The Internal Revenue Service provides a lot of documentation surrounding taxes, retirement, and Roth IRAs. That documentation is usually very long and can be quite confusing to decipher.
One of the most significant benefits of using Roth IRAs is tied in with income taxes; comprehension of how your Roth IRA will affect your tax return is critical.
Are Roth IRA Contributions Taxed?
Roth IRA contributions are not taxed at the time you contribute the funds to your Roth IRA. However, your contributions come from post-tax income. You pay taxes on your income today, but not in the future.
Roth IRA Tax Break
Roth IRAs do not receive a tax break that pre-tax retirement accounts such as Traditional IRAs and 401k plans receive. Pre-tax retirement accounts are funded with income that has not been taxed. These plans avoid paying tax today, but must pay income tax when he funds are withdrawn in retirement.

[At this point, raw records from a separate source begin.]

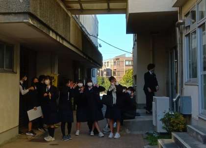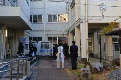 玄関前に大勢 挨拶運動をしている友達に付き合って一緒に挨拶していたのかな?(副校長)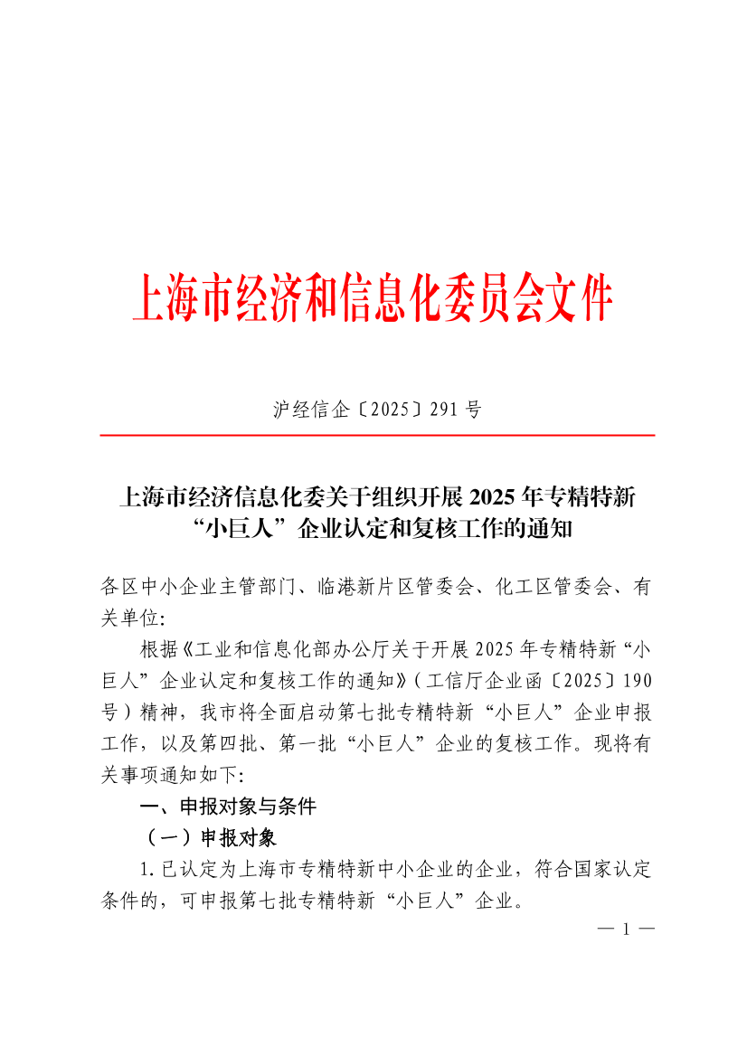 根据《工业和信息化部办公厅关于开展2025年专精特新“小巨人”企业认定和复核工作的通知》(工信厅企业函〔2025〕190号)精神,我市将全面启动第七批专精特新“小巨人”企业申报工作,以及第四批、第一批“小巨人”企业的复核工作。现将有关事项通知如下: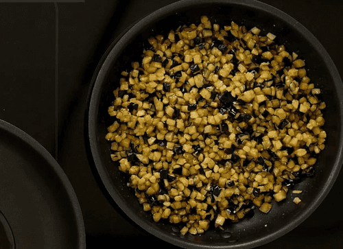 В сковороде разогреть половину масла, обжарить баклажаны в течение 10–15 минут, помешивая.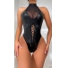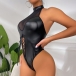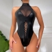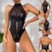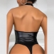 Fashion Semi-gauze Spliced Lace-up Backless Halter Artificial Leather PU Lingerie Bodysuit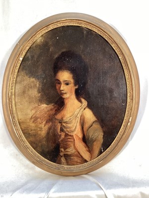 Lot 237English School 19th century, oil on canvas laid on board, portrait of Mrs J. Princep standing in a landscape, oval in gilt frame, inscribed verso. 27 x 21cm.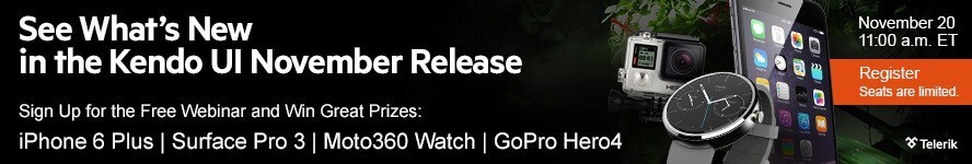 Join us for the Kendo UI November Release Webinar on November 20 at 11 a.m. ET to have a first-hand experience with the newest Kendo UI release, which facilitates you manipulate data with the following features: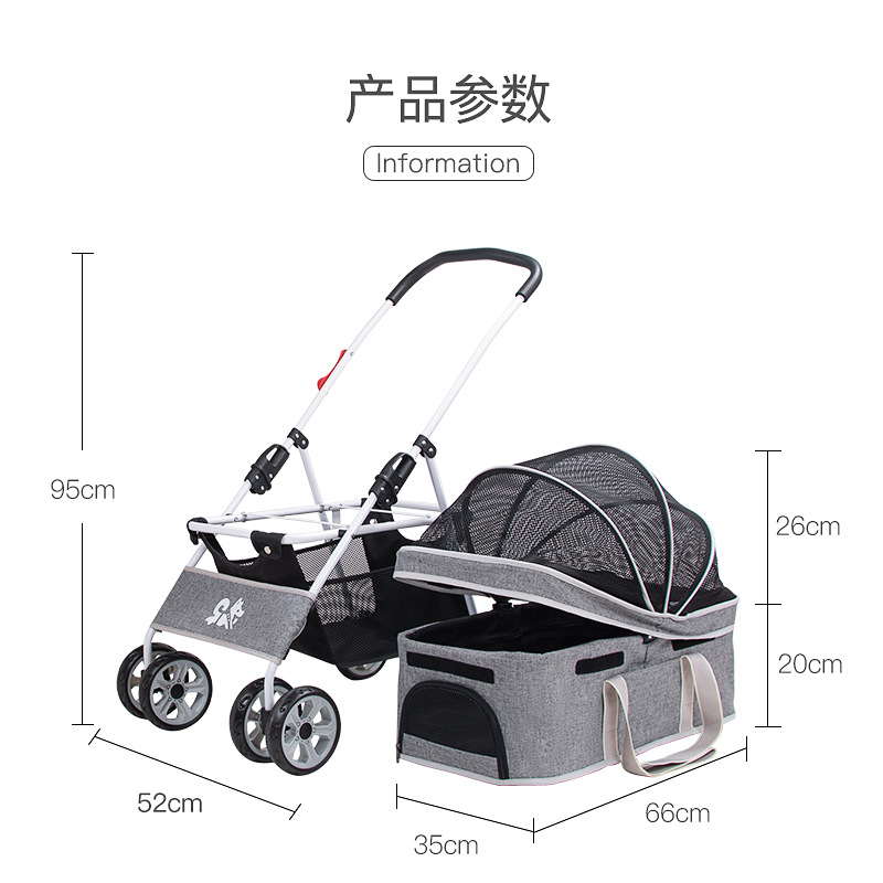 Kereta Dorong Hewan Peliharaan Lipat Ringan Model Bisa Dipisah Anjing Model Kecil dan Menengah Anjing Kereta Dorong Kecil Keluar Mobil Anjing Kereta Dorong Kucing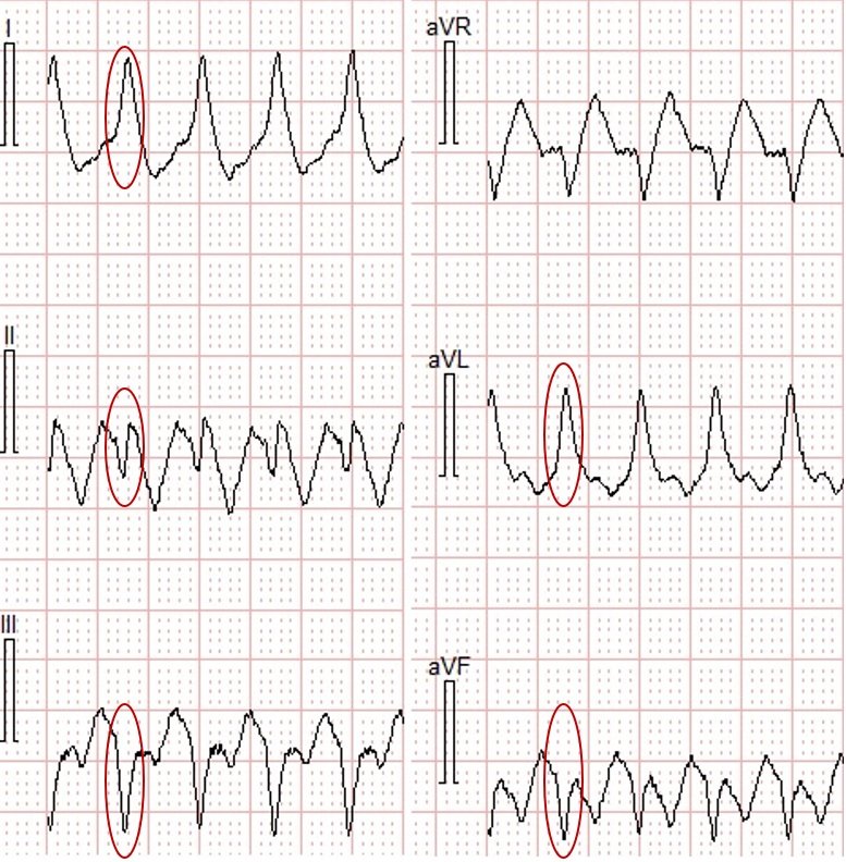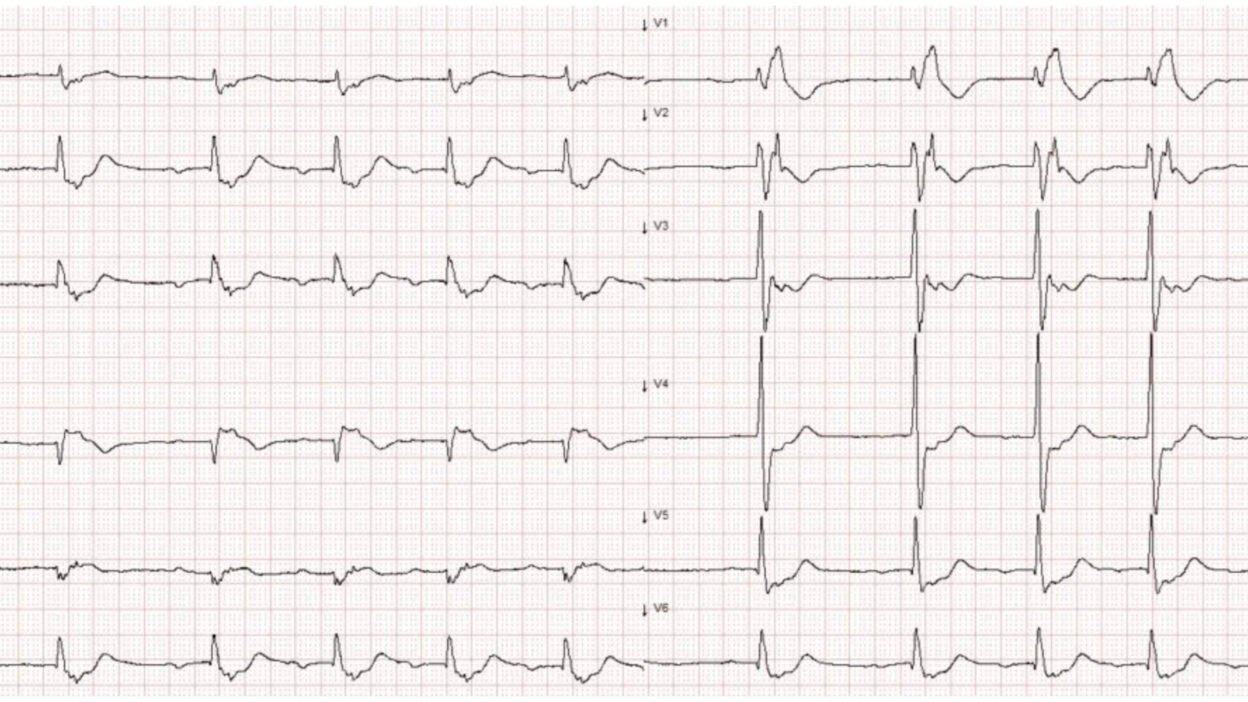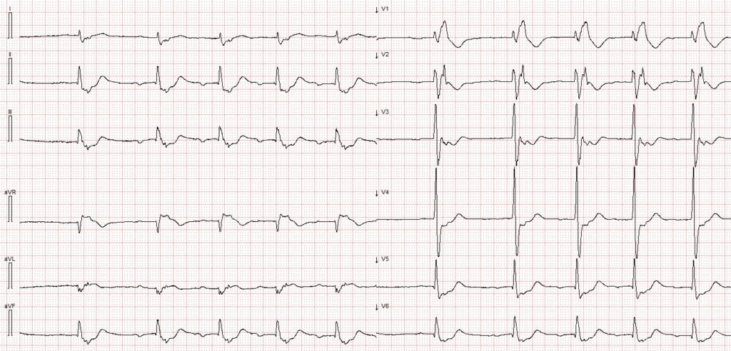 This ECG documenting the arrhythmia has already been obtained and can be scrutinized at a later point in time. The patient was sedated and successfully cardioverted. After cardioversion, the patient stabilized quickly with the repeat ECG shown below.

Despite the lack of a tax break today a Roth IRA may end up being a great investment vehicle to minimize your taxes over a long period of time. The further out your retirement date the greater chance personal income tax rates will increase. If you lock in paying a certain rate today and your personal tax rate is higher at retirement then using a Roth IRA will have saved you money.

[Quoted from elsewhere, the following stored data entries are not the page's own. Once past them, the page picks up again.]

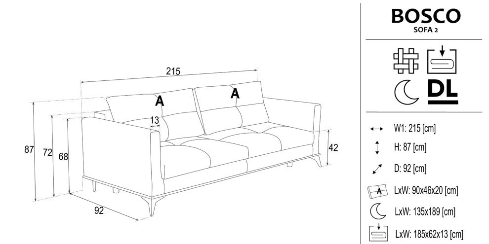 • DL mechanism allowing smooth and easy conversion from sofa to bed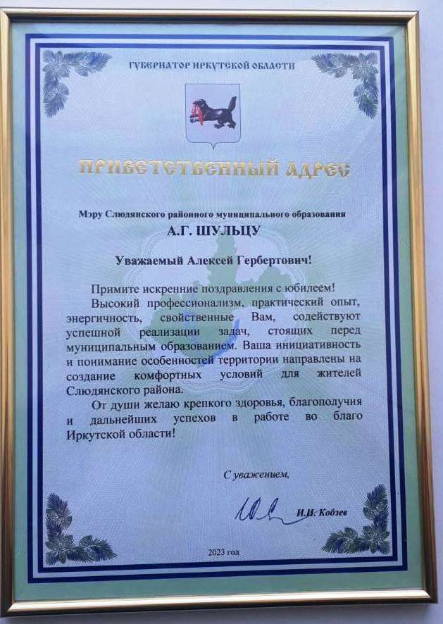 Несмотря на провальное руководство районом в целом, губернатор Иркутской области Игорь Кобзев в направленном юбиляру приветственном адресе высоко отметил «заслуги» Алексея Шульца.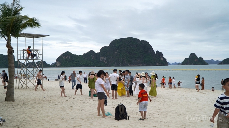 | Tuy nhiên vào hôm nay (1/5), tại Hạ Long thời tiết se lạnh, gió giật khiến lượng khách ra các bãi tắm ít hơn. |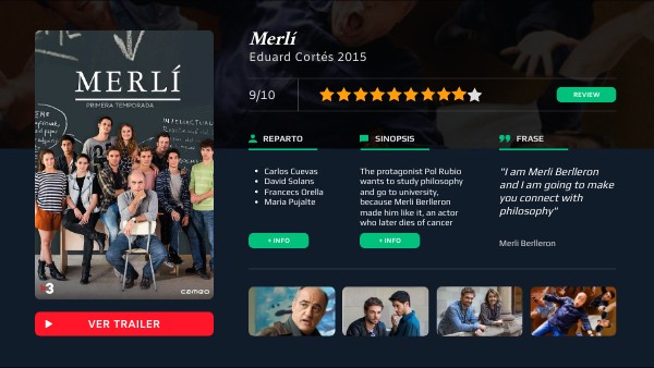 The protagonist Pol Rubio wants to study philosophy and go to university, because Merli Berlleron made him like it, an actor who later dies of cancer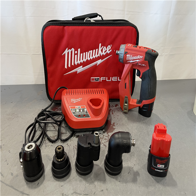 AS-IS - Milwaukee M12 FUEL 12V Lithium-Ion Brushless Cordless 4-in-1 Installation 3/8 in. Drill Driver Kit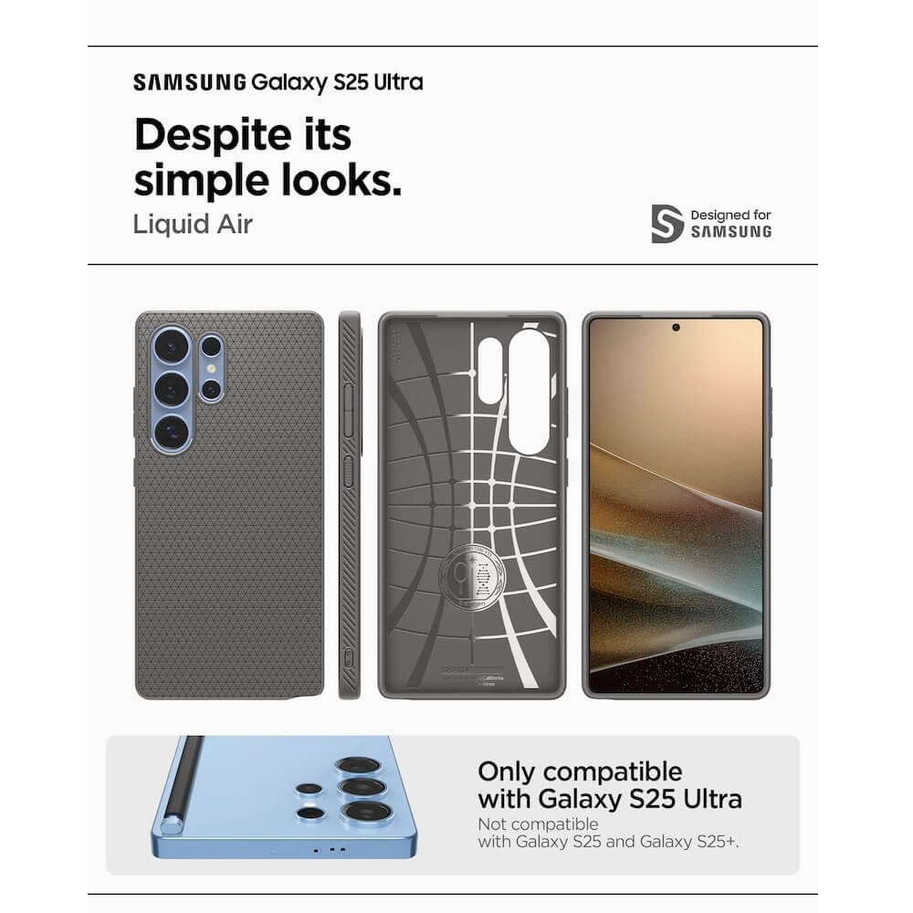 Spigen Liquid Air Case - силиконов (TPU) калъф с висока степен на защита за Samsung Galaxy S25 Ultra (сив)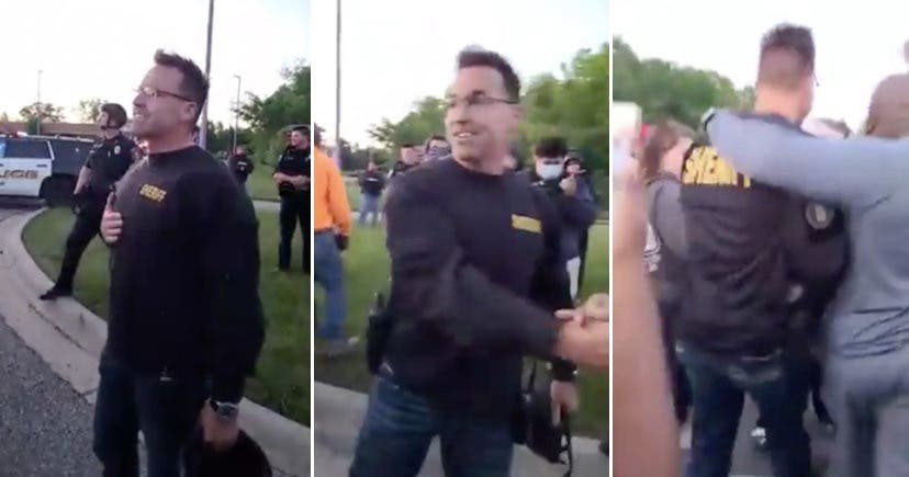 Un sheriff de Michigan se unió a los manifestantes en Flint Township el sábado, bajando su arma y diciendo: "Quiero hacer de esto un desfile, no una protesta".

With or without a tax break another benefit of using a Roth IRA over pre-tax investment vehicles like Traditional IRAs is you can withdraw your contributions (not earnings) at any point without paying taxes or fees.
Are Roth IRA Withdrawals Taxed?
Whether or not your withdrawal from a Roth IRA is taxes depends on a few factors. First, the funds must have been in the Roth IRA for at least five years before they can be withdrawn. Additional factors include:
- When the withdrawal was made
- Whether the withdrawal was from contributions alone or if it included earnings
- What purpose the withdrawal was made for
Withdrawals made after age 59 and 1/2 are normal retirement withdrawals and are not taxed. You paid tax on that income when you first contributed to the Roth IRA.

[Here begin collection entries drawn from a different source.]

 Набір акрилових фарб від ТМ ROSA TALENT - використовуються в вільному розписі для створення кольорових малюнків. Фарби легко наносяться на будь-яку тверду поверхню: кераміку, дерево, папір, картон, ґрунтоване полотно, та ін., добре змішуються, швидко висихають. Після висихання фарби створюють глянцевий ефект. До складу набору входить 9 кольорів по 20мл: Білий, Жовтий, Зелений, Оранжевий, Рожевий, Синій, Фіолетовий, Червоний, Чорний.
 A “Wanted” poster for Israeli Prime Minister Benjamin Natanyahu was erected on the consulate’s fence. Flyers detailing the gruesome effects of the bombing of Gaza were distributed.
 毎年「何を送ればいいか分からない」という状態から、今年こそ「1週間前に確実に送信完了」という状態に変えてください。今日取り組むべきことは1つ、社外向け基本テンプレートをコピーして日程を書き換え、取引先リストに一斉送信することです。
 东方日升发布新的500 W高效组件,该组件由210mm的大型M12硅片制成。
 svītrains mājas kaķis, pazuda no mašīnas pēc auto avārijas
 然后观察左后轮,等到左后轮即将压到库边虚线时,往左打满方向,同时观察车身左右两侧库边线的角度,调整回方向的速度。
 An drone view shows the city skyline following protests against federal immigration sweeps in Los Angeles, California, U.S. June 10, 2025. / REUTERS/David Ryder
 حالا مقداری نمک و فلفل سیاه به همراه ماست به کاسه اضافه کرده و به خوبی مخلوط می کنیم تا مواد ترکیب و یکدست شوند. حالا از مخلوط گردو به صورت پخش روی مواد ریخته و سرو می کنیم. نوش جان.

If the withdrawal is made before age 59 and 1/2 and is only up to the amount that has been contributed to the Roth IRA then no income tax is charged. Withdrawals of contributions are tax-free.
If the withdrawal was made before age 59 and 1/2 and includes amounts above what you contributed (your investment earnings) then you may have to pay tax. There are certain situations where the IRS will allow you to withdraw without penalty. Funds can be withdrawn for higher education expenses or to buy a home. Certain hardship circumstances such as permanent disability also allow funds to be withdrawn tax and penalty free.